In Another Light
- First edition
- Author: Andrew Greig
- Language: English
- Genre: Novel
- Publisher: Weidenfeld & Nicolson
- Publication date: 2004
- Publication place: Scotland
- Media type: Print (Hardback & Paperback)
- Pages: 512
- ISBN: 0-7538-2007-2
- OCLC: 57381051

= In Another Light =

2004 novel by Andrew Greig

In Another Light is the fifth novel by Scottish writer Andrew Greig. It won the 2004 Saltire Society Scottish Book of the Year Award, and was nominated in 2006 for the International Dublin Literary Award.

==Plot summary==

The novel alternates between present-day Orkney and the 1930s in the dying days of the British Empire in Penang, British Malaya in South East Asia.

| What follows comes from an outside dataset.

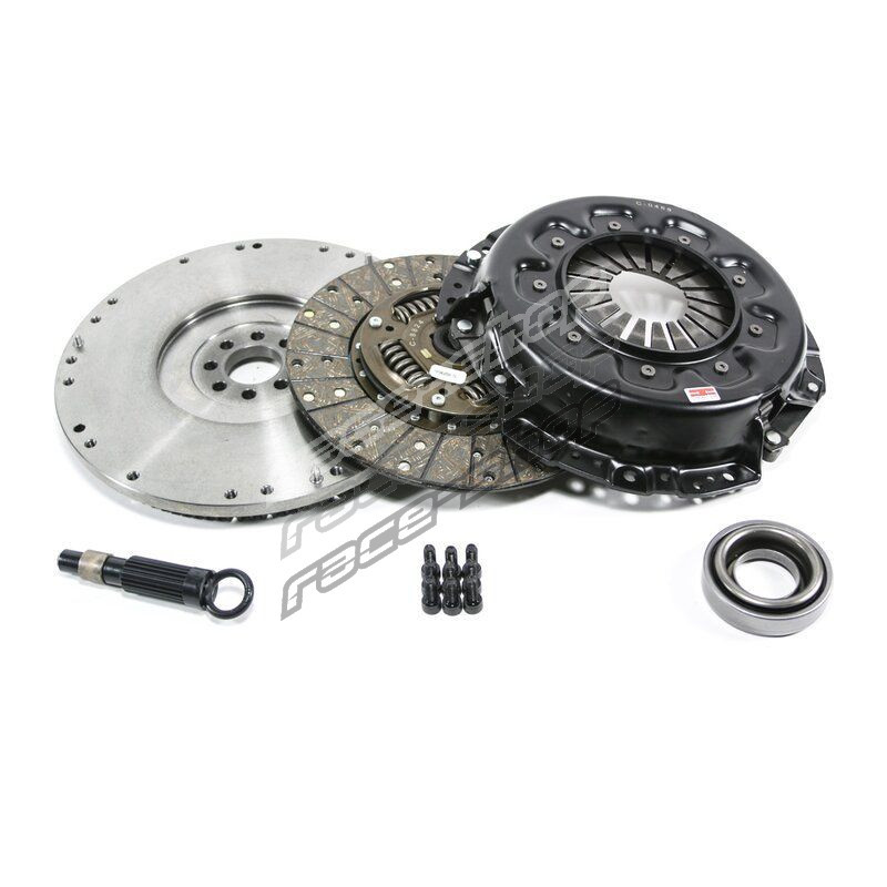 this kit is competition clutch’s specific upgrade for the sr20det 5 speed engine. it comes with a clutch kit (pressure plate, disc, pilot bushing, alignment tool) and a flywheel.the clutch kit uses an oem style 250mm pressure plate, full faced oem style sprung disc and a lightened flywheel that enhances the engine revs. together the kit is stated to withstand about 400 horsepower. the flywhweel weighs about 18 pounds while the clutch kit assembly comes in at 35 pounds.
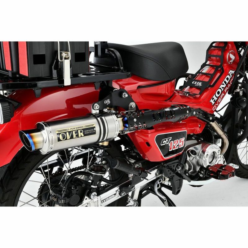 OVERロゴが入った大型のヒートガードが目を引くデザインで、フロントから適度に覗くチタンエキパイが高級感を演出しています。

After a near-fatal illness, Edward Mackay decides to find out more about his late father's mysterious past. Dr Alexander Mackay's secret is gradually revealed by his son's findings. On the sea voyage to the East, the young doctor meets an eclectic crowd including the Simpson sisters, who are of unattainable social class, "both beautiful, one a gazelle". The doctor is gradually accepted into Penang society, and makes regular visits to the sisters, one of whom is married. Following a mysterious accident and a secret holiday in the Sumatran highlands, he leaves the island under a cloud of scandal.

Edward's investigations in the modern day are assisted by a trail of clues including a Buddha figurine and a double-one domino, and by an old lady, a blonde woman he bumps into in London, and an Orkney woman called Mica.